Editor’s note: Kenneth Timmerman’s new book, “Preachers of Hate,” uncovers an ancient hatred that threatens the life and livelihood of every American. In the book, Timmerman explains the “new” anti-Semitism that targets not only Jews, but Americans specifically and the West in general. The book details how Muslim leaders are not just encouraging hatred of Jews and the West, but are spending a great deal of money to spread the kind of vitriol that spawned the terrorists responsible for September 11.
This is the first of three excerpts from “Preachers of Hate” featured this week on WorldNetDaily. It examines the myth spread in the Muslim community that “the Jews” were responsible for the September 11 attacks on the U.S. Timmerman’s eye-opening book is available at ShopNetDaily.
In the West Bank town of Nablus, on Sept. 11, 2001 several thousand people poured into the streets shortly after news of the attacks on America was broadcast on Palestinian state radio. “Demonstrators distributed candy in a traditional gesture of celebration,” Associated Press reporter Mohammad Daraghmeh noted.
Daraghmeh captured a poignant moment in what appeared to be a spontaneous outpouring of anti-American hate.
“Nawal Abdel Fatah, 48, wearing a long, black dress, threw sweets in the air, saying she was happy because ‘America is the head of the snake, America always stands by Israel in its war against us.’ Her daughter Maysoon, 22, said she hoped the next attack would be launched against Tel Aviv.”

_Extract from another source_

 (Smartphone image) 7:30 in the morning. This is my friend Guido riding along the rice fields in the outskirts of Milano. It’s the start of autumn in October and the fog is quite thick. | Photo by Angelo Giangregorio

Smaller demonstrations took place later that afternoon and early evening in the Arab quarters of Jerusalem, where young children were led in chanting anti-American slogans by adults.

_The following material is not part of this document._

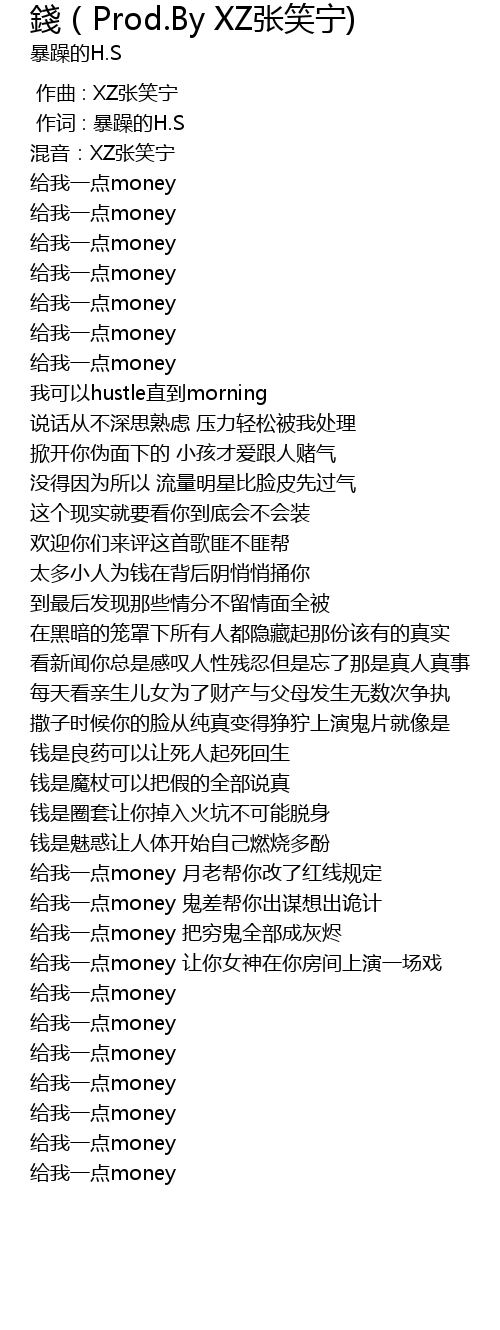 | [01:38.15] | gěi wǒ yì diǎn money |

“Some drivers passing the scene honked their horns and flashed victory signs from their windows.” In the southern Lebanese port city of Sidon, an Associated Press photograph snapped pictures of Palestine Liberation Organization fighters celebrating by firing assault rifles into the air at the Ein el-Hilweh refugee camp when news of the attacks on America was broadcast.

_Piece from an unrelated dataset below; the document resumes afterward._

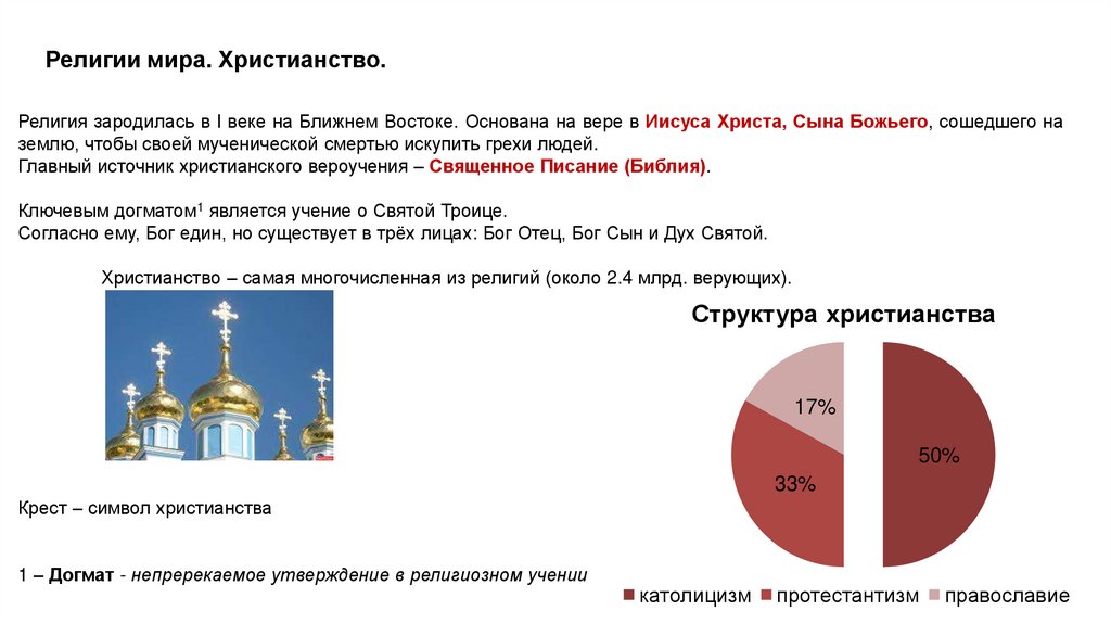 Религии мира. Христианство. Православие.Православие – третье по численности среди христианских направлений. Глава православной

In one sense, the attacks were “not good because innocent people suffered,” said Ahmed Ali, 40, a Palestinian cook who worked in a restaurant in East Jerusalem. “But it’s good because America is the only country that supports the Israeli oppression. They are right now suffering as we are suffering. … I tell you on behalf of the Palestinian people that we are really happy at what happened.”
Arabs living in the West expressed similar “comprehension” of the attacks and the motives of the attackers. In the Washington, D.C., suburb of Fairfax, Va., public-school officials ordered high-school students to return home by noontime on the day of the attacks.
“They closed the schools not out of fear of a terrorist attack, but because Muslim students were shouting for joy,” said David Keene, president of the American Conservative Union. Keene told the story at a highly charged session of conservative activist Grover Norquist’s weekly “coalitions” meeting in Washington the next day. Norquist, whose Islamic Institute had hired as executive director a former lobbyist for the pro-Hamas American Muslim Council, sat stony-faced as friends of Barbara Olson, the wife of U.S. Solicitor General Ted Olson, told the story of Barbara’s final moments on board American Airlines Flight 77 before terrorist Hani Hanjour crashed it into the Pentagon.
“We sympathize with you, but you’ve got understand,” pleaded one of Norquist’s associates from the Islamic Institute, in an effort to explain why some American Muslim groups weren’t cooperating with the FBI. “Our people are afraid of getting scapegoated.”
“No, you’ve got to understand,” thundered the normally soft-spoken Keene. “Thousands of Americans have just been murdered, and ‘your people’ were cheering when they heard the news.”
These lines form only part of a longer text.